Wednesday, September 20, 2006

Church Leadership #2

A couple of days ago I began a discussion of church leadership in a missional context, and briefly described three roles of leadership: decision making, example, and relational. My thesis is that the relational aspect of leadership most closely parallels the missional work of the church in the community, but often gets the least intentional focus.

My perception is that the decision making function gets an inordinate amount of time and attention. I think there may be a couple of factors at work here. One is a cultural expectation. In modern America we expect to have a voice in decisions, and we have an expectation that leadership is representative. There is a tendency to project our concept of democratic government onto church leaders, and leaders often have those same expectations of themselves. We follow established rules of order and methods of conducting business as though we were an elected board of directors. (And when we do focus on the relational aspect of leadership it is often from the perspective of getting to know our constituency so as to better represent them)

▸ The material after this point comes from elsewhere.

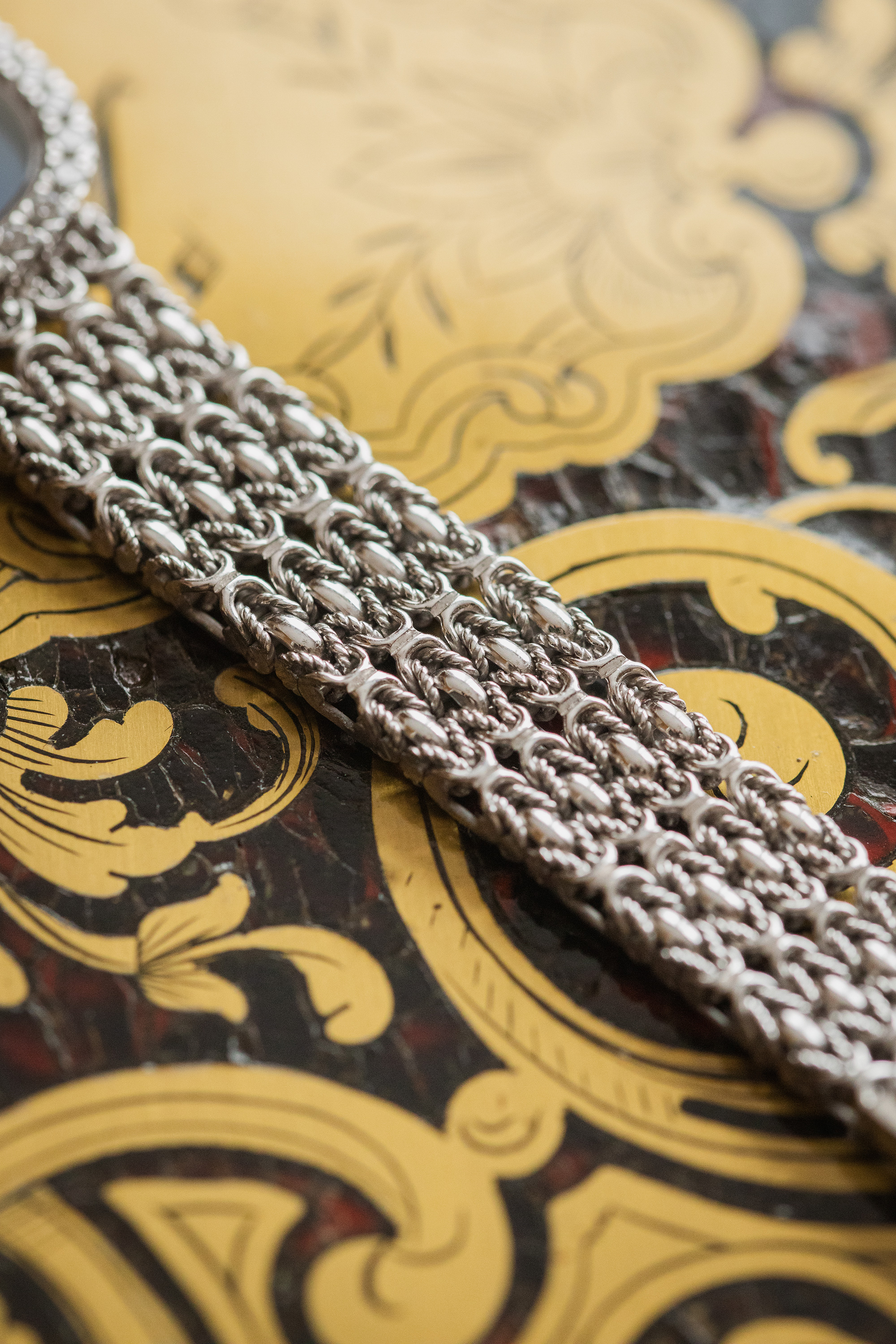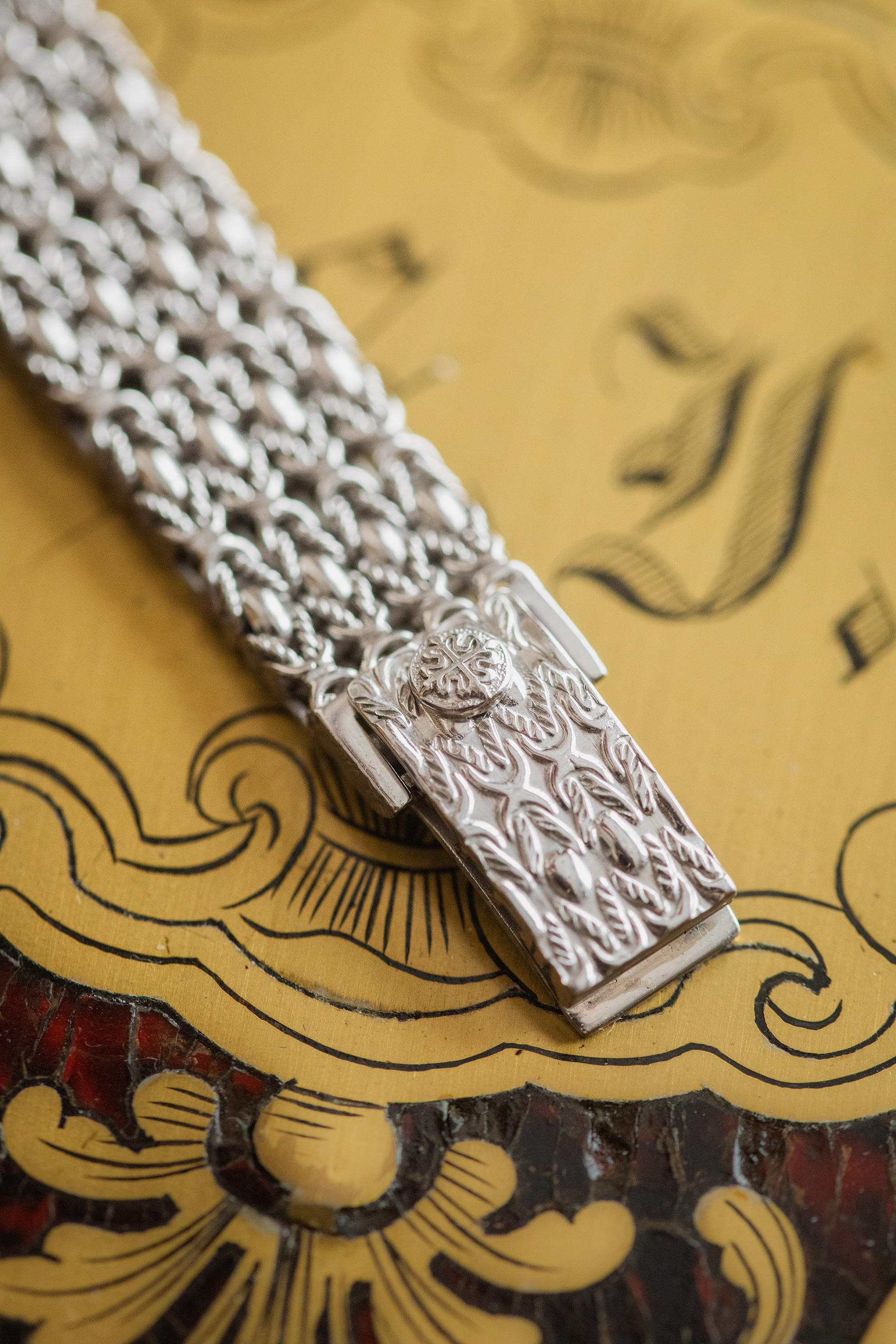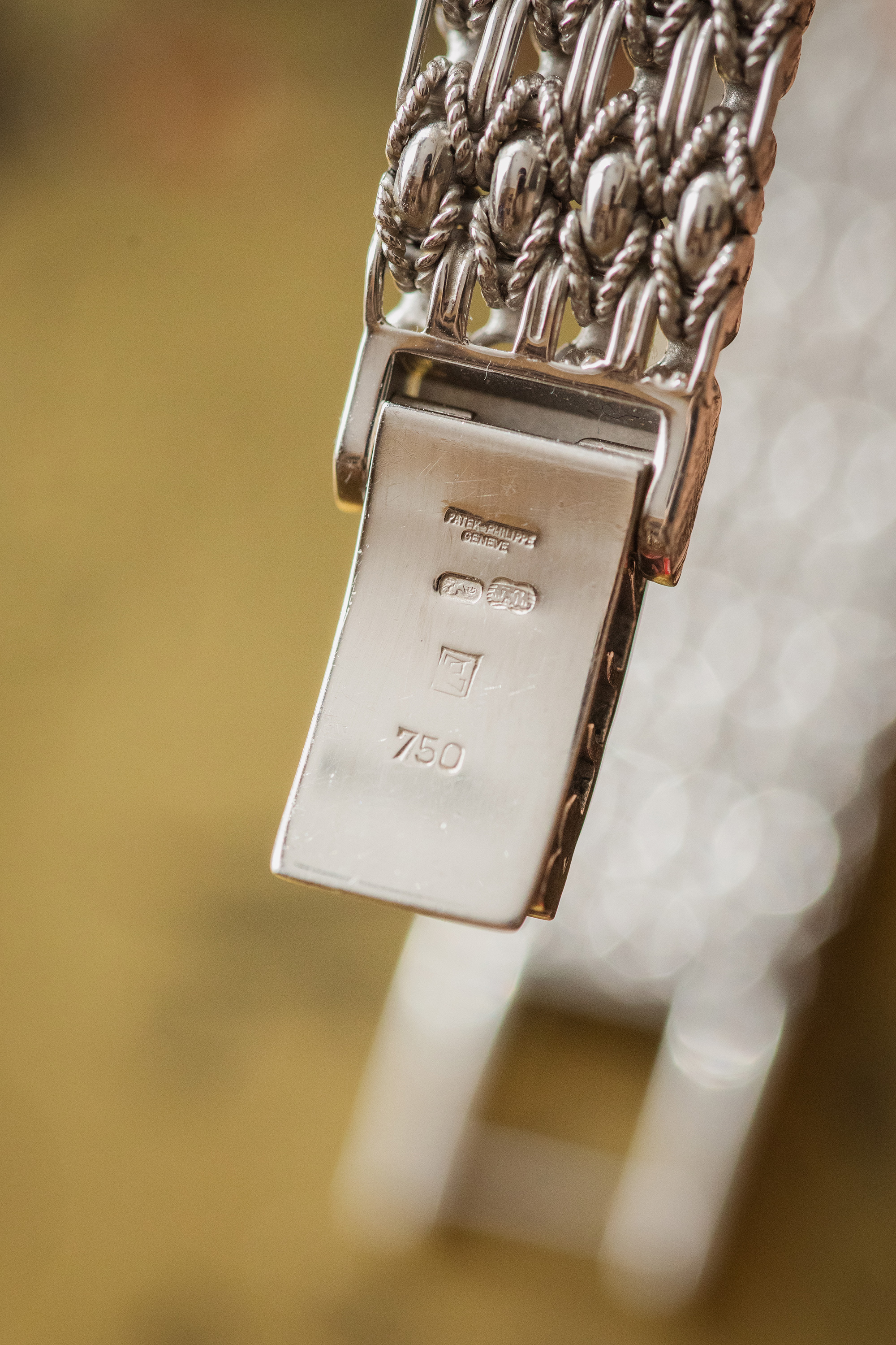 独角鹿西洋古董1970年代瑞士顶级钟表世家百达翡丽Patek Philippe出品18K白金编织表带蓝色日辉纹石英镶嵌钻石表盘女士腕表

A second factor is the inability or unwillingness to let go of control. We can get so focused on details and minutiae that we lose the perspective of what are the more important matters. We get tyrannized by the urgent and are unable to focus on what should be higher priorities. I believe that in Acts 6 the apostles recognized that the same thing was beginning to happen to them and that they appointed deacons to take care of operational details so they could focus on more important matters.

A third factor is frankly that it is easier to deal with the mechanics of budgets, programs, theology, and permission than it is to grapple with spiritual transformation. We do those kinds of things professionally and operate within a comfort zone when we spend our time dealing with them. It takes more energy and personal risk to nurture and develop open and accountable relationships.

These sound like criticisms and I don't really intend them that way. I do, however believe that the process of becoming more missional will require that we rebalance the amount of time and energy we spend on decision making and the amount we spend in prayer, mentoring, and spiritual transformation.